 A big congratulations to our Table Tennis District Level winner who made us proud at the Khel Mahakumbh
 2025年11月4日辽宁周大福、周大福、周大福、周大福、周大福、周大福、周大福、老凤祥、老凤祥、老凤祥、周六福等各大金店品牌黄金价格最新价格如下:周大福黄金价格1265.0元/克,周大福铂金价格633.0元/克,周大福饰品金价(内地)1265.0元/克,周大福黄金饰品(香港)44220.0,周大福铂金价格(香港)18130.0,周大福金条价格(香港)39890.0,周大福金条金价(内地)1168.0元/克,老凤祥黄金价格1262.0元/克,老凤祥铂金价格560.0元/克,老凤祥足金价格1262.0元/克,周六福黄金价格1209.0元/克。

§ §

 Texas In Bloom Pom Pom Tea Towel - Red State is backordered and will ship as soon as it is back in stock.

§ §

→ **Exercise**:
Please give again the lines above between the line holding "A big congratulations" and the line holding "2025年11月4日辽宁周大", inclusive, exactly as they are and with nothing added.

→ **Answer to this problem**:
 A big congratulations to our Table Tennis District Level winner who made us proud at the Khel Mahakumbh
 2025年11月4日辽宁周大福、周大福、周大福、周大福、周大福、周大福、周大福、老凤祥、老凤祥、老凤祥、周六福等各大金店品牌黄金价格最新价格如下:周大福黄金价格1265.0元/克,周大福铂金价格633.0元/克,周大福饰品金价(内地)1265.0元/克,周大福黄金饰品(香港)44220.0,周大福铂金价格(香港)18130.0,周大福金条价格(香港)39890.0,周大福金条金价(内地)1168.0元/克,老凤祥黄金价格1262.0元/克,老凤祥铂金价格560.0元/克,老凤祥足金价格1262.0元/克,周六福黄金价格1209.0元/克。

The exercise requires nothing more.